Class D amplifiers are much more efficient than Class A, capable of delivering a power output of 200 watts a channel or more while
drawing less utility power.
Reading about the process of the input signal of a Class D amplifier being converted to high-frequency pulses and an output stage operating as on-off switches, I have to wonder if the high-frequency switching and simulated switched analog output are generating a potpourri of harmonics, and are any of those harmonics leaking through the output filter?
Apparently there are problems related to Class D amplifiers. In particular, the high switching frequency and circuit board layout. Switching frequencies above 100 KHz will be more susceptible to circuit design and circuit board layout flaws.

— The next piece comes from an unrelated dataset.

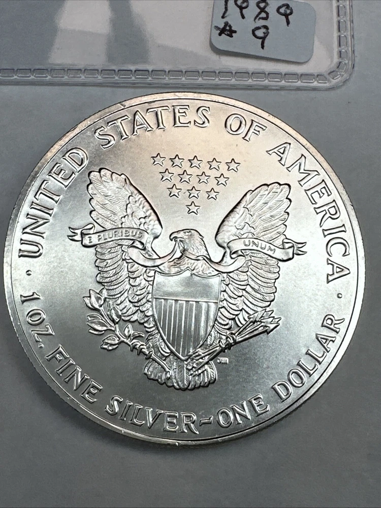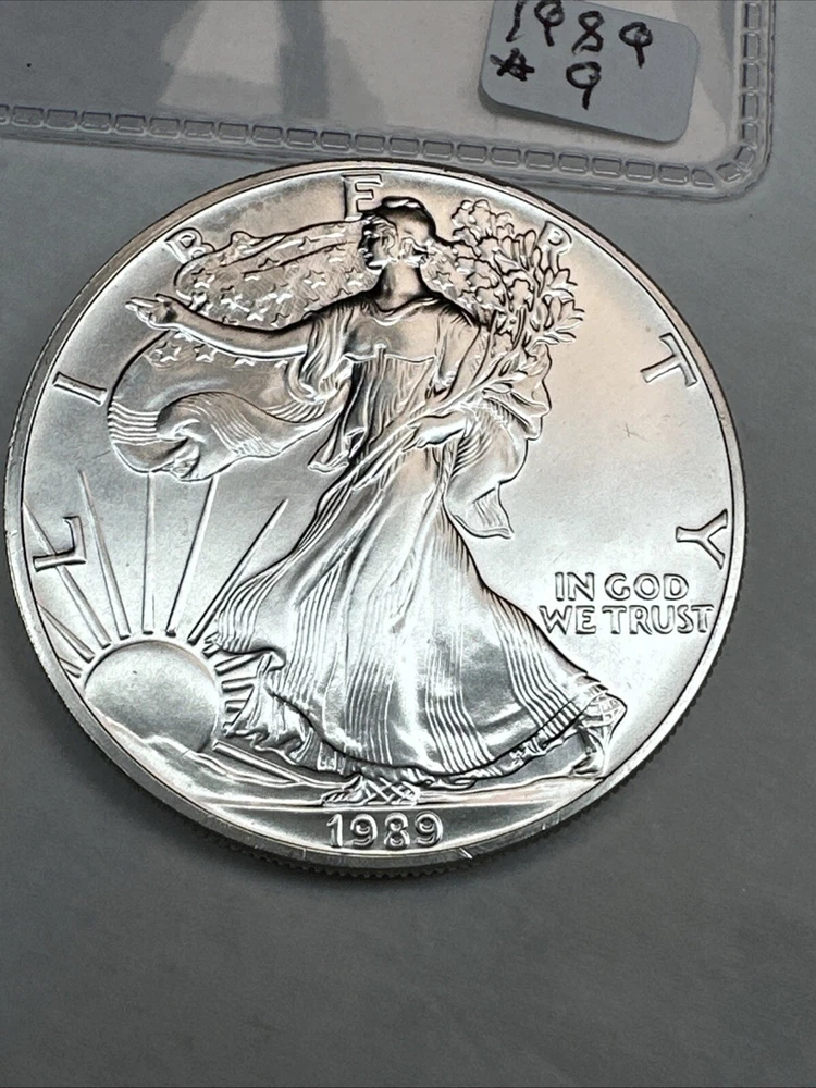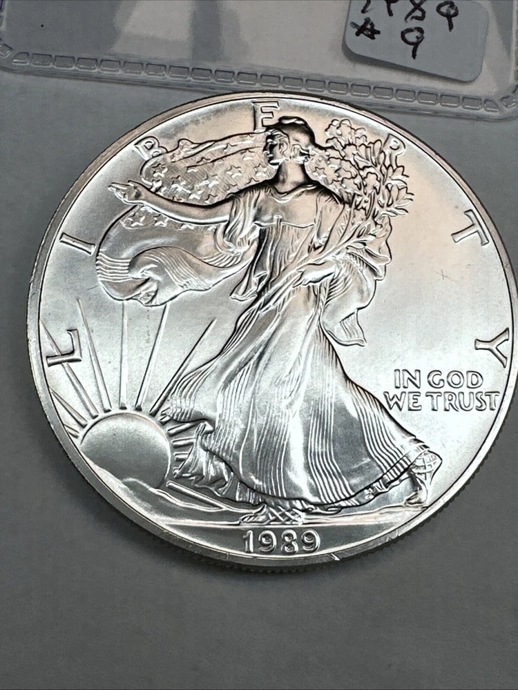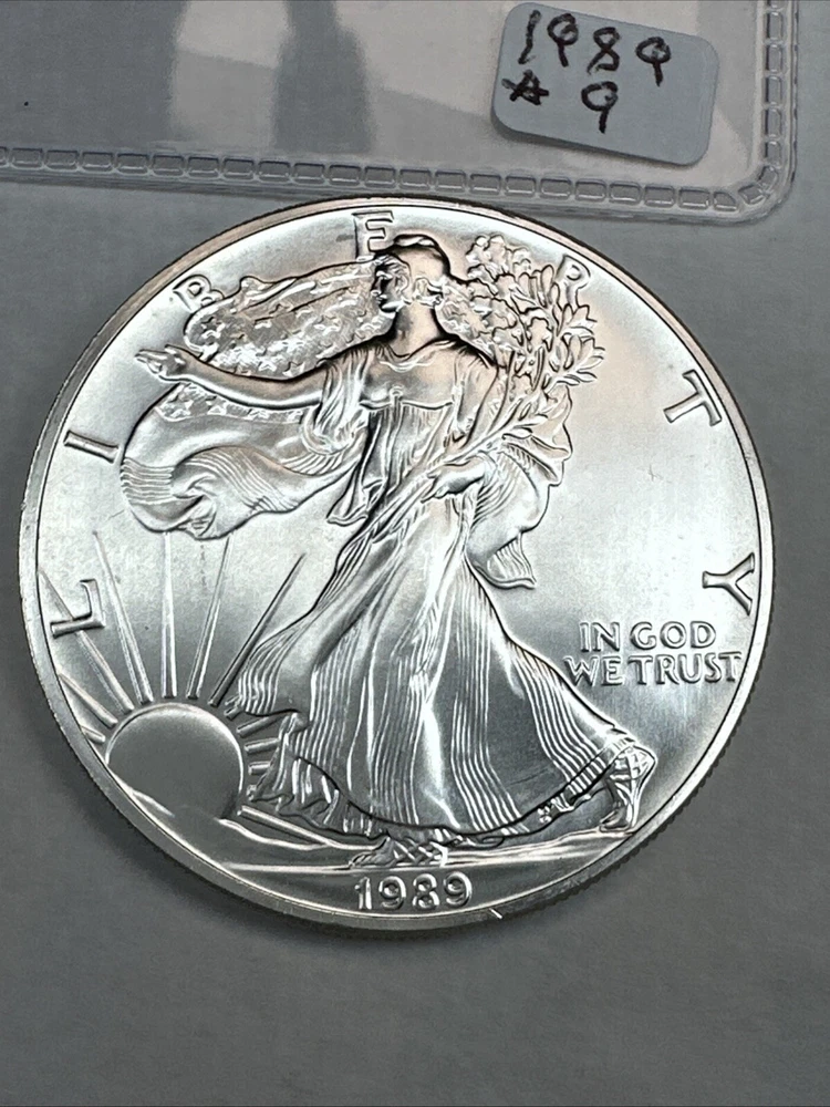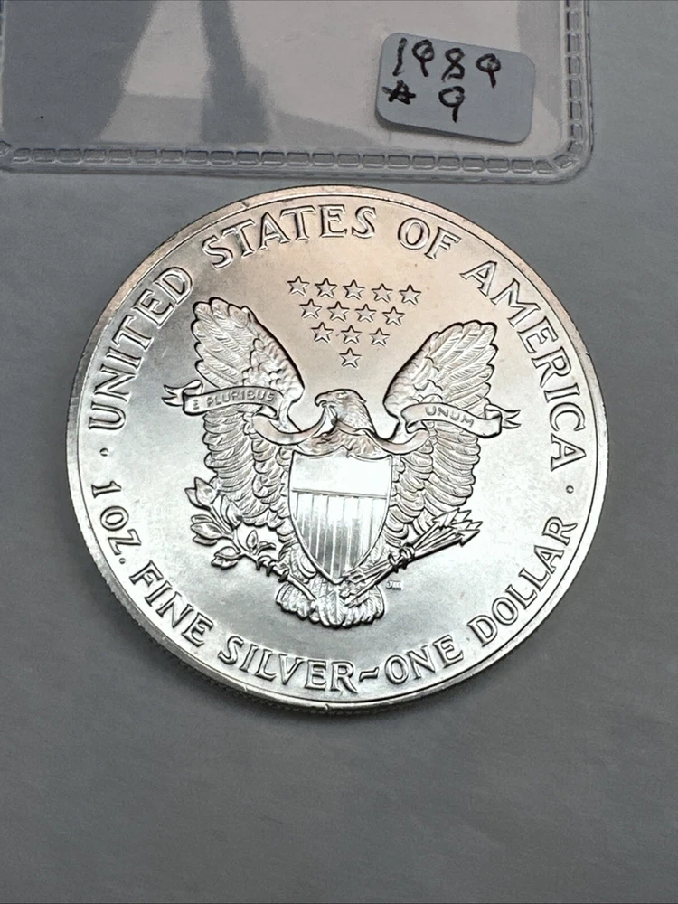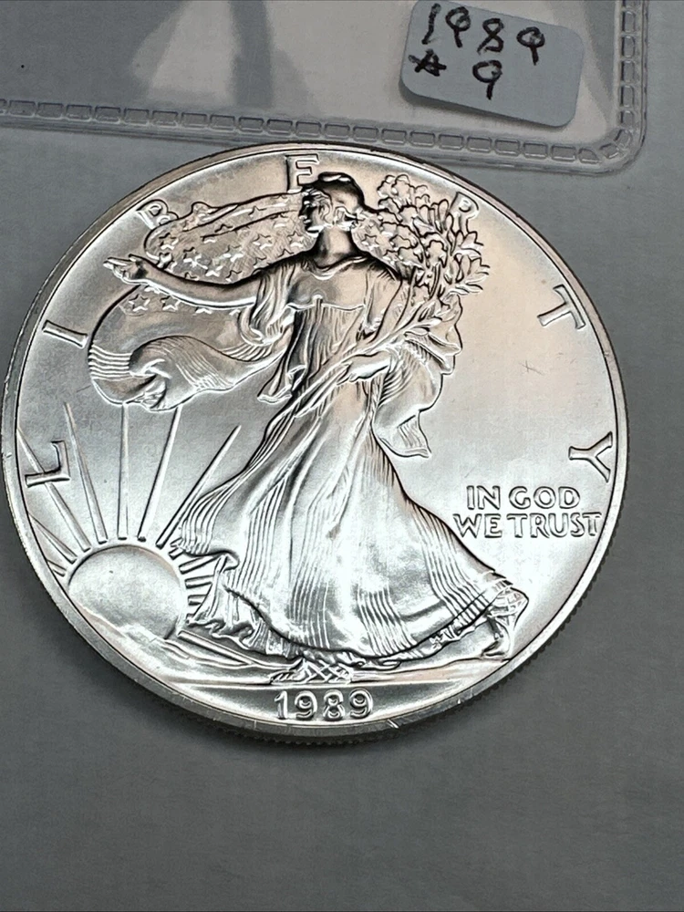 Grade: Ungraded Precious Metal Content per Unit: 1 oz Certification: Uncertified Year: 1989 Coin: American Eagle Composition: Silver Strike Type: Business Brand/Mint: U.S. Mint Total Precious Metal Content: 1oz Brand: Silver Eagle Country/Region of Manufacture: United States Fineness: 0.999
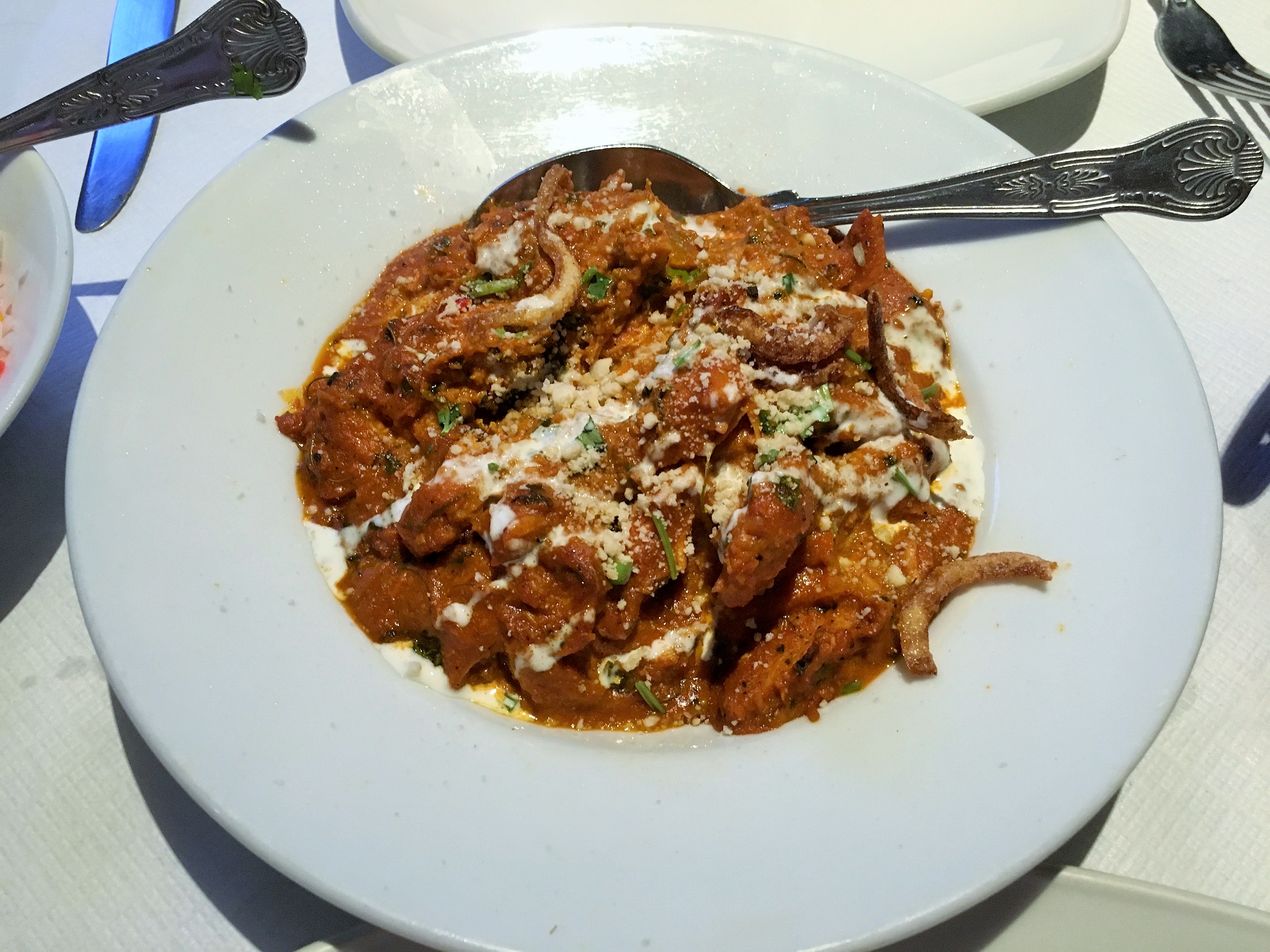 It did what it said on the tin: properly dry, the sauce condensed down to be sticky and intense. The chicken was beautifully cooked – again, on the dry side but perfectly so. And I do agree that there’s something about that sauce. It’s almost the perfect curry, I would say: the balance of spice, nowhere near overpowering, was interesting enough to appeal to people who would normally opt for the beigeness of a korma or a pasanda, while the taste was sufficiently complex that chilli demons too might give it a whirl. More fried onions, too, because that seems to be a hard habit to break. I really liked it, and I’m glad I tried it. Was it alone enough to justify a trip to Standard Tandoori? Yes, probably just about. Would I go back specifically to have it again? Probably not.

Such high frequencies require engineering similar to RF transmitter design with careful attention to circuit layout. You can read Rod Elliott's page on the subject. Rod has done extensive testing of PDM topology.
Class A Mechanisms:
Class A amplifiers provide linearity and low signal distortion, are simple and stable, and, for the DIY builder, are easy to work with.
They provide very good signal reproduction as the operating point is halfway between cut-off and saturation. They offer a broad and flat
frequency response.
About four years ago I became interested in low-power audio based on the notion that one should not have ear-damaging power in an audio system. That is, of course, assuming one values keeping their hearing in prime condition for years to come. For low-power systems, Class A amplifiers are a good match. At lower power levels, relatively speaking, the low efficiency of Class A is not a big issue.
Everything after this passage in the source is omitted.